It links healing to the person being healed, not just the healer.
Thus, (fixed) in the post you quoted. You can make CLW heal 10% of target's hit points or 25% or whatever. No need for either surges or wounds to do that.
I'm one of those some. However, it's not really that big a change from having a cleric heal you up in 3.x, in both cases you start all your fights at max HP, the difference is in what you run out of. (healing spells in 3.x, surges in 4e, ability to takes wounds under the wound system)
In low level 3e (and most levels of AD&D) that's not really the case, since going into fights with some damage is common. Anyway, the short term effect there is the opportunity cost of the Cleric's spells. He loses versatility in responding to coming challenges. Loss of surges (or wounds if they have no associated penalty) only kicks in at the end.
This is probably where some groups prefer one and some the other.

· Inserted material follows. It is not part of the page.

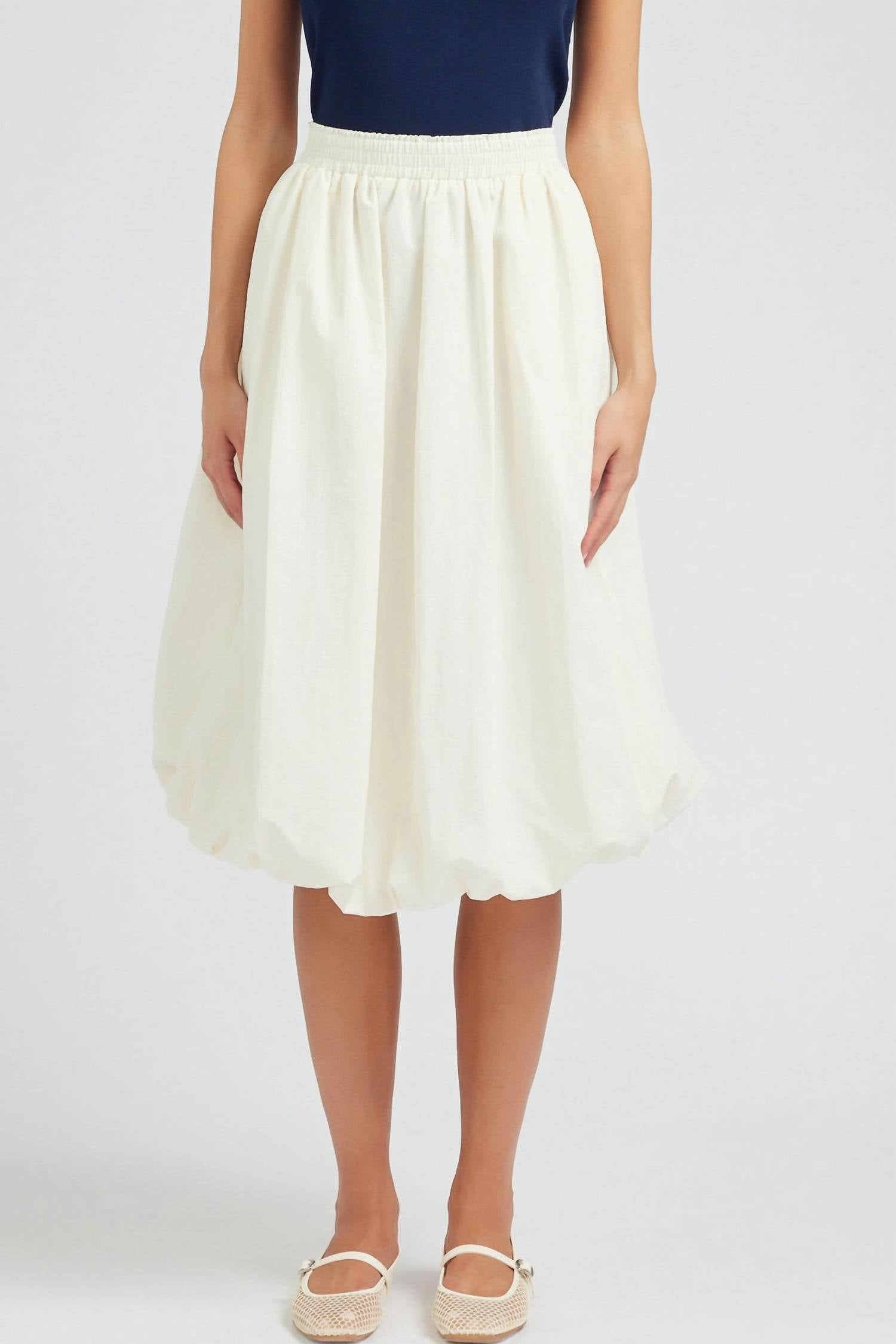 Tuck your favorite tee into this midi length skirt for an effortlessly cool look. Elevate your wardrobe with the Sarai Midi Bubble Skirt by Current Air, a chic cream piece that adds elegance to any ensemble. This skirt features a unique balloon bubble hem and an elastic waist for comfort and style. Made from 100% Nylon and designed for a flattering fit, it offers a sleek pull-on closure. Care: Machine wash and lay flat to dry. Model wears a size small, which is true to size.

Temp HP have a lot of baggage, at least in 4e. They don't stack. They can take you above your max HP, and they're strictly temporary; losing THP doesn't actually fatigue you in any way.
Essentially, if a warlord could give enough THP to absorb the hits from a fight, the fight would have done absolutely nothing to the party's resources. Whereas with surges/wounds, every fight drains at least a small bit off their resilience.
Ok, so those issues could also be fixed. Make temp hp simpler (they are simple in 3e, I think). Make the Warlord's ability only work if the character became bloodied (that way there's always resource loss).
Alternatively, just remove in-combat healing (almost) completely. No need for the Warlord to shout anyone more hp, he can grant AC or attack bonuses instead, just like a Cleric. This is my favorite solution.